REVIEW OF BIOCHEMISTRY AND CYTOLOGY (from your prerequisite course)
TEXT READING Chapter 2
1. List the four main classes of large biological molecules, their respective
monomers/components, and their major functions in the human body.
Carbohydrates(polymer): an example is fat and the functions are cell membranes and
energy storage. Lipids(monomer): two examples are starch and sugar and their functions
are energy store and structure. Proteins(polymer): an example is trypsin and the function
would be cell machinery. Nucleic acids(polymer): two examples are DNA and RNA and the
function is to store genetic material.
2. Learn the name and specific function of each cellular organelle listed in Table 2.1.
Cytoskeleton(Microtubule/Microfilament): strengthen and support; movement of cellular
structures and materials. Microvilli: increase surface area to facilitate absorption of
extracellular materials. Centrosome: essential for movement of chromosomes during cell
division; organization of microtubules in cytoskeleton. Cilia: movement of materials over
cell surface. Ribosomes: protein synthesis. Mitochondria: produce 95% of ATP required
by the cell. Nucleus: control of metabolism; storage and processing of genetic information;
control of protein synthesis; site of rRNA synthesis and assembly of ribosomal subunits.
Endoplasmic reticulum (ER): Synthesis of secretory products; intercellular storage and
transport; modification and packaging of newly synthesized proteins; lipid, steroid, and
carbohydrate synthesis; calcium ion storage. Golgi apparatus: storage, alteration, and
packaging of secretory products and lysosomal enzymes. Lysosome: intracellular removal
of damaged organelles or of pathogens. Peroxisome: catabolism(breakdown complex to
simple) of fats and other organic compounds; neutralization of toxic compounds generated
in the process.
3. Describe the structure/function of the plasma membrane with respect to the transport
mechanisms listed in Figure 2.4 (hint why is it selectively permeable why are transport
processes required?). Hydrophobic tail and hydrophilic head: ions needs protein to go
through. Selectively permeable because what a certain amount of things coming in. Also,
polar and charged ions need transport to get across.

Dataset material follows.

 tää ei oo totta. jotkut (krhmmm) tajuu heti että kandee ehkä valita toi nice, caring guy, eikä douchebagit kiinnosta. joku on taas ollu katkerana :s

Diffusion allows molecular movement of solutes and the direction of which is determined
by relative concentrations(from high to low). The rate is affected by the magnitude of the
concentration gradient; size, molecular size, charge, lipid protein solubility, and
temperature which affect the rate. Osmosis(water only) permits movement of water
(solvent) molecules toward higher solute concentrations. The rate is affected by the size of
the solute concentration gradient and opposing pressure. Facilitated diffusion allows the
carrier molecules transport materials down a concentration gradient and requires
membrane. Consists of concentration gradient, opposing pressure and the availability of
carrier protein. Active transport: permit the carrier molecules work despite opposing
concentration gradients and consist of the availability carrier, substrate and ATP.

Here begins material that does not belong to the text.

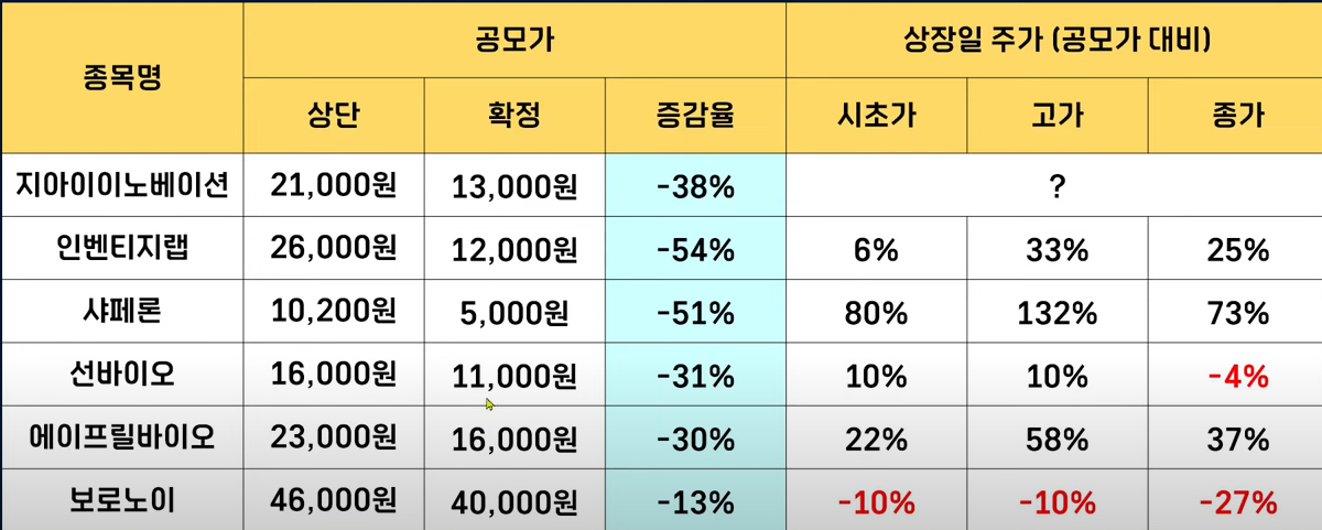 비슷하게 30% 정도 낮아진 종목이 선바이오와 에이프릴 바이오가 있었는데 에이프릴 바이오는 수익을 주었지만 번바이오는 종가 기준으로 손실을 주었습니다. 그리고 표를 보면 이렇게 상단 공모 가격 기준으로 -50% 정도 낮아진 종목들은 상장일에 좋은 수익을 주었거든요 그래서 내신 공모 가격이 조금 더 낮아지길 바라보고 있었는데 여하튼 공모 가격이 약간은 애매하게 정해진 것 아닌가 그런 생각이 듭니다.

Endocytosis: allows the formation of membranous vesicles (endosomes) containing fluid
or solid material at the plasmalemma. Consisting of stimulus and mechanism and requires
ATP. Exocytosis permits the fusion of vesicles containing fluids and/or solids with the
plasmalemma. Which consists of stimulus and mechanism and requires ATP and calcium
ions.
4. Which organelle would you expect to be abundant in a muscle cell? In a pancreatic beta
cell (which secretes the protein, insulin)? In a cell found in the ovaries or testes (which
secretes a sex hormone)? Mitochondria in a muscle cell because you need ATP for the
contraction of the overall muscle, and mitochondria synthesize ATP. Rough endoplasmic
reticulum in abundance in a pancreatic beta cell (secretes insulin). Smooth endoplasmic
reticulum abundant in a cell found in the ovaries or testes (secretes sex hormones).
NEW MATERIAL STARTS HERE
5. Compare and contrast the structure/function/location of the three major types of
intercellular junctions (tight junction, desmosome, gap junction).

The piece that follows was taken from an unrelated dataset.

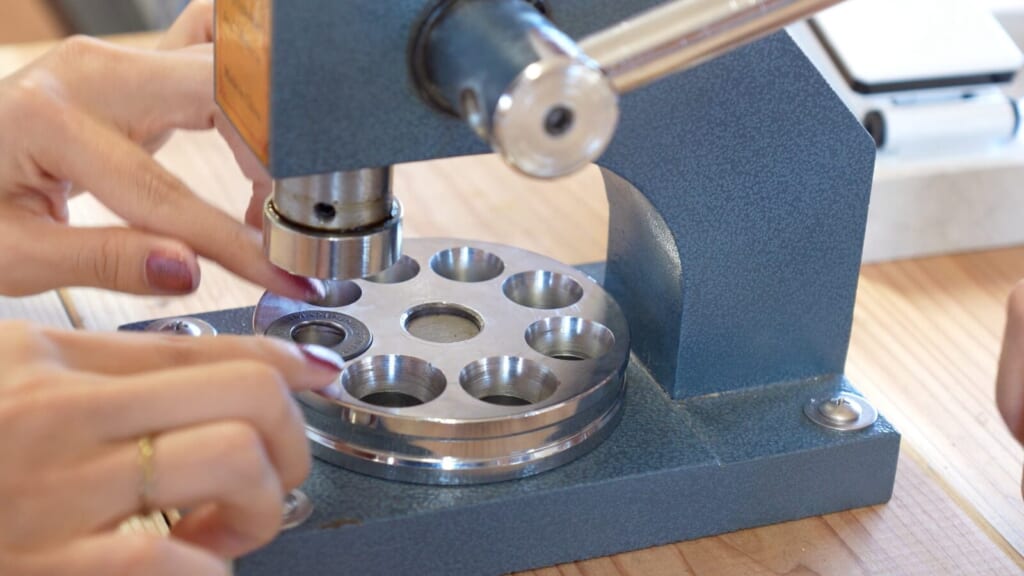 制作体験は、約1時間半。まずは専用の道具を使い、選んだコインの真ん中を打ち抜きます。

No quiz ? Intercellular junctions: Communicating/gap junction: function-
”channel”(rigid signaling: electrical+chemical), structure-membrane proteins, location-
cardiac muscle tissue. Adhering junctions: tight and anchoring. Tight junction: function:
“belt”(diffusion barrier to prevent leakage), structure-membrane proteins, location-
epithelial tissue(stomach). Anchoring junction: function-”rivet”(resist tearing +
stretching), structure-desmosome and membrane proteins, location-epithelial
tissue(stomach). Gap junction: connects cytoplasm together, in heart, rapid signals
chemical and electrical.
Foundations An Introduction to Anatomy
TEXT READING Chapter 1
6. Define the following terms: microscopic anatomy (cytology Study of cells vs. histology
Study of tissue); gross anatomy (surface anatomy vs. regional anatomy vs. systemic
anatomy); homeostasis. Microscopic anatomy: need a microscope to see it. Cytology:
study of cells. Histology: study of tissue. Gross anatomy: can see with the unaided eye.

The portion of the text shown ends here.